My first week and student experience
I like that we learn how to apply the theory in real cases - it is very practical. What I also found interesting is that the lecturers have their own research and expertise. Some materials used by the lecturers in the classes are also based on their own research. 

I met many people from various areas in the world. I found interesting to see that many of us face the same water challenges. The mix of cultures has been very interesting, as has our sharing of various scenarios related to water issues. This helped me realise that there are different ways to find solutions for all kind of water issues. This cultural mix also helps me to understand other cultures and expand my horizon. 

The teaching method has been tough because it is not easy to adapt yourself to a new way of learning - but on the other hand, it has been good for me to understand a new learning process. I like the interaction with lecturers: they are very friendly and approachable. I like the informal atmosphere in the classes.
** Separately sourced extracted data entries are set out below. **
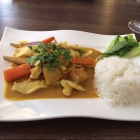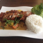 Meine Begleitung wählte ebenfalls von der Mittagskarte: Ga chien Xao Car : Knuspriges Hähnchen mit Curry, Kokosmilch, Süßkartoffeln, Zwiebeln, Gewürzen, Koriander, dazu Reis (8,50 €).
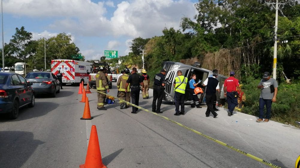 Los hechos se registraron alrededor de las 3:00 de la tarde, cuando el operador de la unidad tipo Mercedes Benz Sprinter, perdió el control al parecer por circular a exceso de velocidad cuando se diría a Cancún.
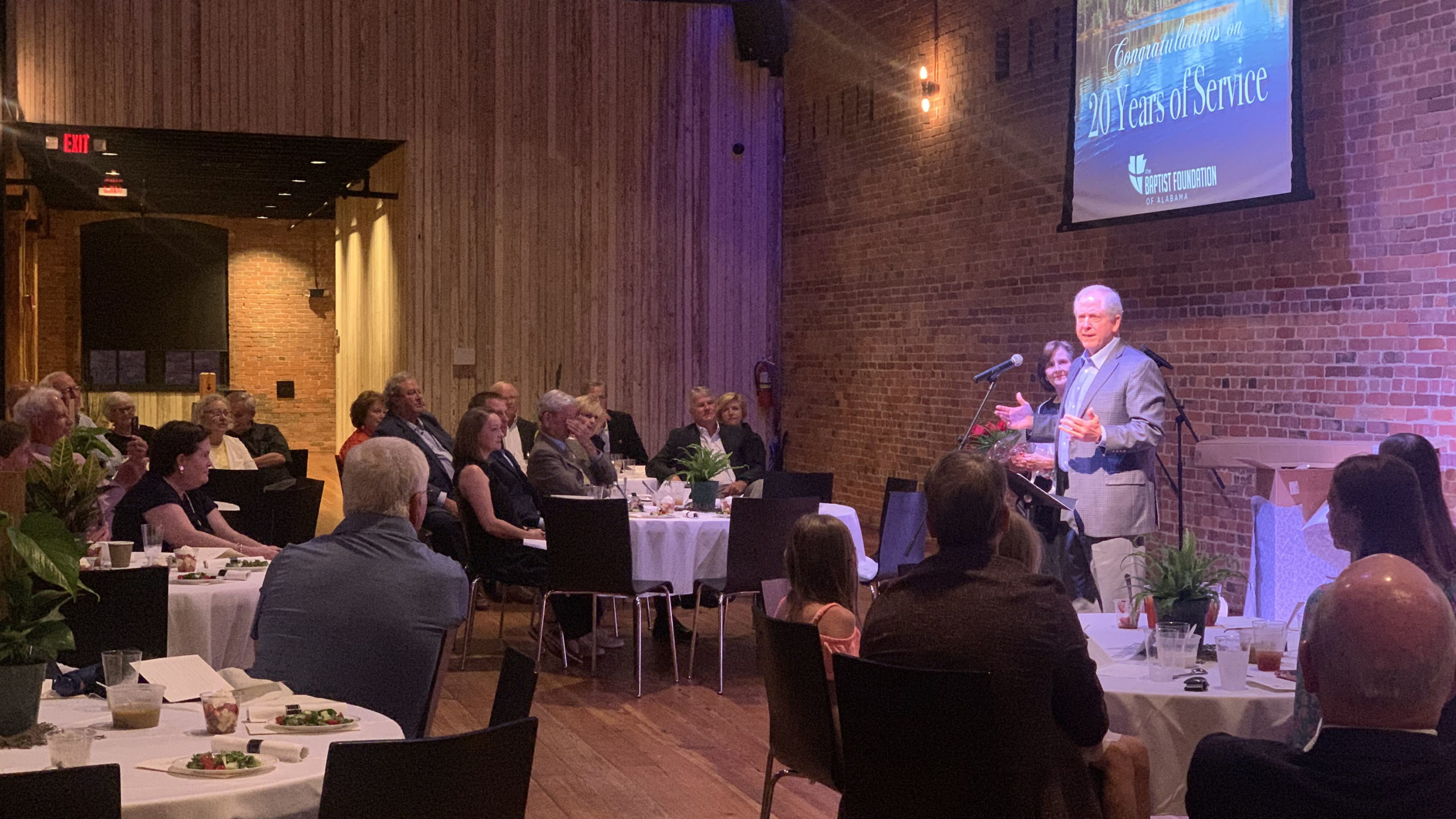 The Baptist Foundation of Alabama board of directors, staff, family and friends celebrate Barry and Judy Bledsoe for 20 years of service during a special dinner event in Montgomery in June.
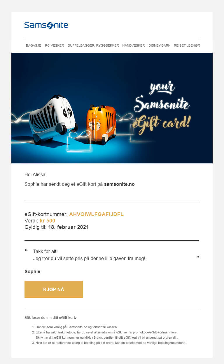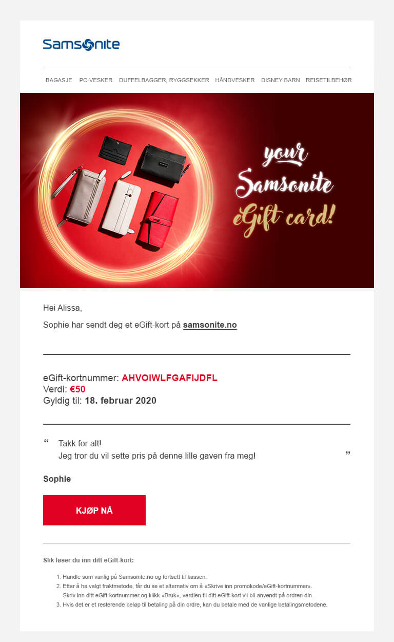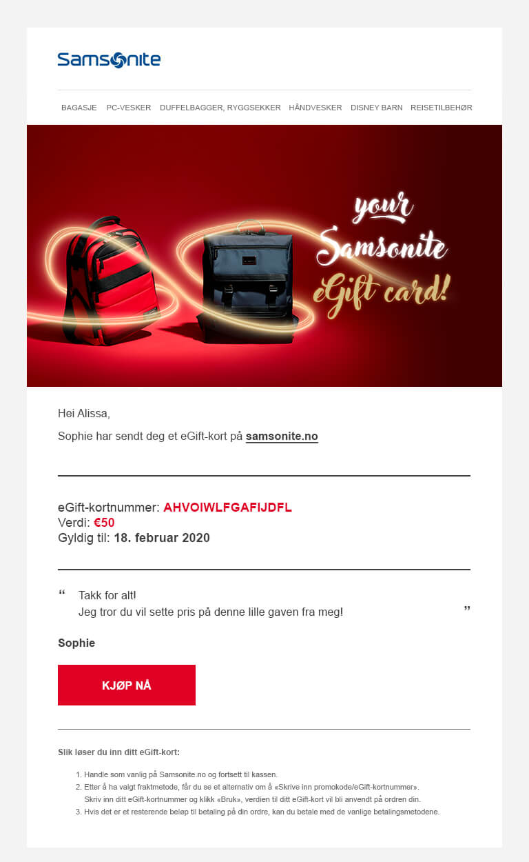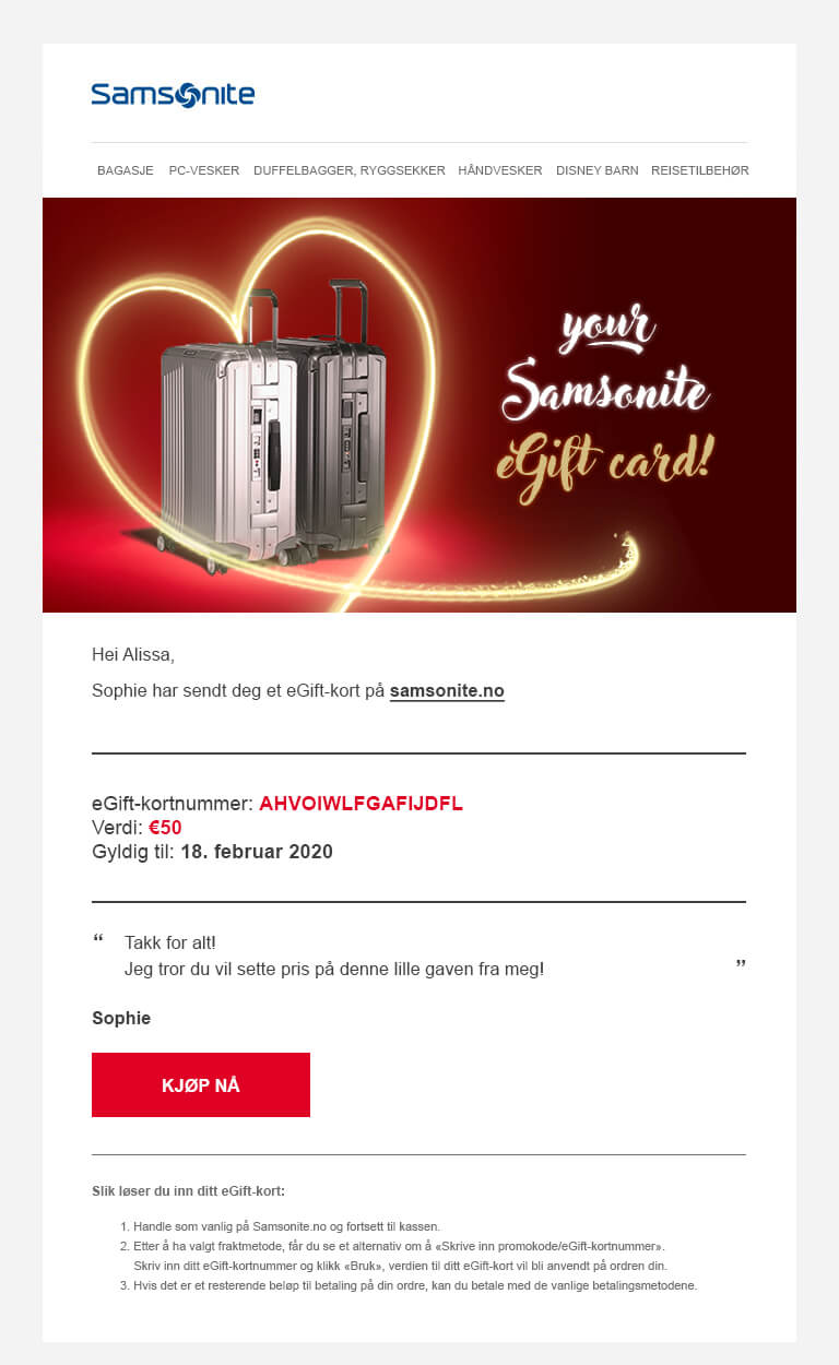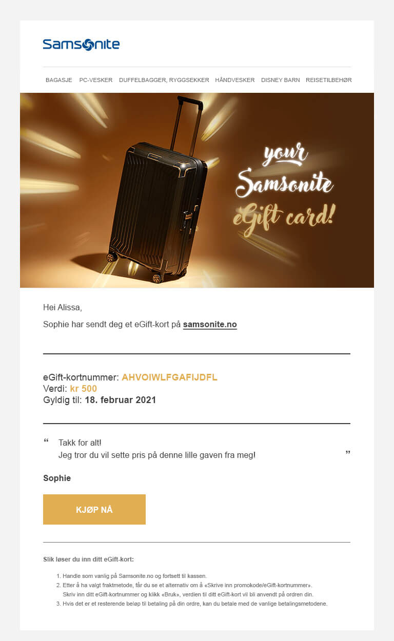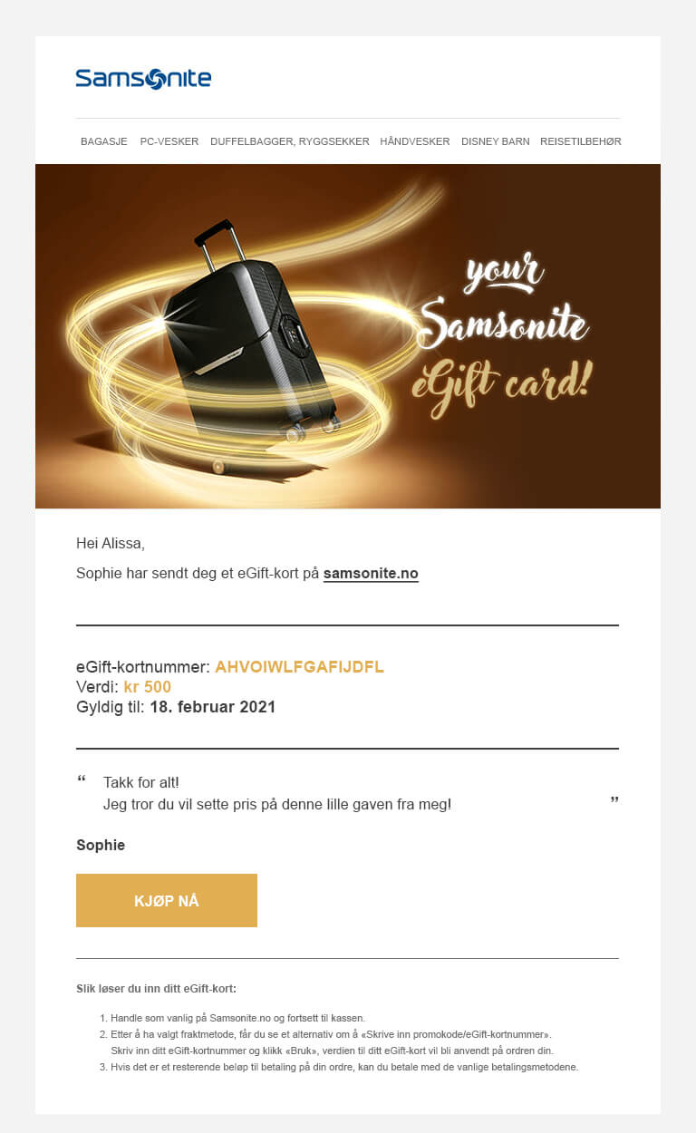 - Hvis du ønsker mer informasjon om eGift-kortet, kan du sende en e-post til customer.care@samsonite.com.
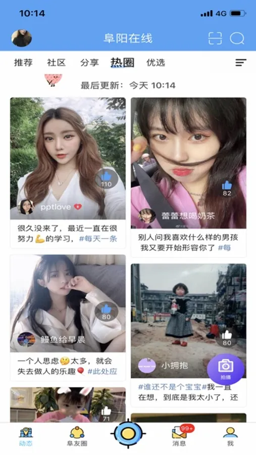 晒趣事、晒心情、晒美食、晒自拍、晒萌宝...男神女神、晒闺蜜、萌宠大赛进行中~随时随地和数十万阜友一起分享生活点滴。
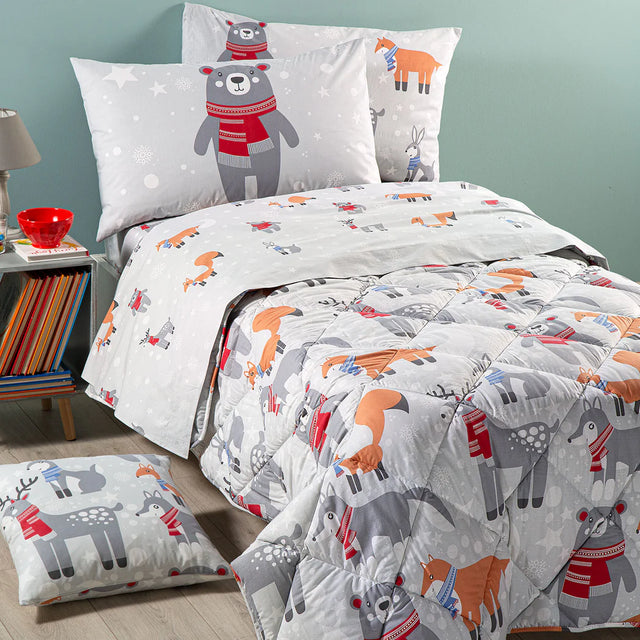 Trapunta Caleffi Teddy è pensata per regalare calore e comfort ai più piccoli, con una simpatica fantasia a tema orsetti e animali del bosco che indossano sciarpe colorate.
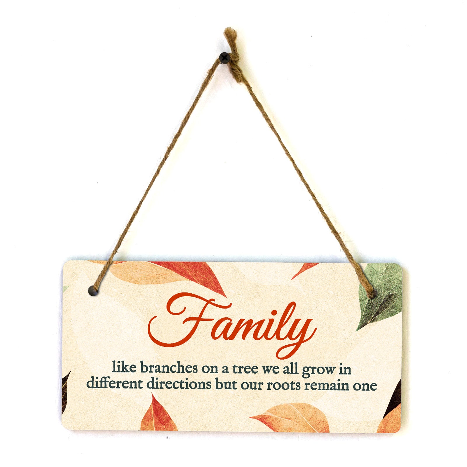 Introducing our versatile and stylish Family Like Branches On A Tree, We All Grow In Different Directions But Our Roots Remain One, the perfect blend of style and sophistication to elevate your home or workplace. Our 5x10 Hanging Sign range is the perfect choice for your home, workplace or business. Each sign is attached with rustic twine, providing a charming and versatile accent for any space. Our curated designs effortlessly complement a variety of styles, from rustic farmhouse or Modern Chic, to simple and functional options. Choose from our diverse range of designs to personalize your space. Whether it's a warm welcome at the entrance, a motivational quote for your workspace, or a playful touch for the kids' room, our Hanging Wall or Door Signs are the perfect way to express your unique style.
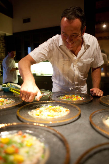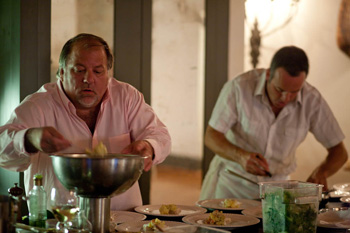 The chefs grab beers and hit the hors d’oeuvres, gathering round Frank’s heaping platters of local seafood and bragging about fishing—who caught what over the weekend. They gravitate to the local petite clams and meaty stone crab claws, true treats in this abundance. For more than an hour, they slather Bob’s rillettes on crusty grilled bread and fork pickled cherry tomatoes and foraged chanterelles, the conversation moving from food and whiskey to molecular gastronomy and boats. After a grueling week at work, they’re typical chefs unwinding—sipping suds and talking smack.

In Zambia, there is a formal atmosphere and distance between students and lecturers, while at IHE Delft, I can easily approach lectures and ask questions. 

After graduation
I hope to apply what I learn at IHE Delft at my work in Zambia. I work on a project called Lusaka sanitation programme which is focussed on providing safe access to toilets. My time at IHE Delft is making me interested in academia, and in learning different ways of teaching sanitation to people in Zambia and to transfer the knowledge I have learnt. I also want to share what I learn at IHE Delft through advocacy and through social media and podcasts.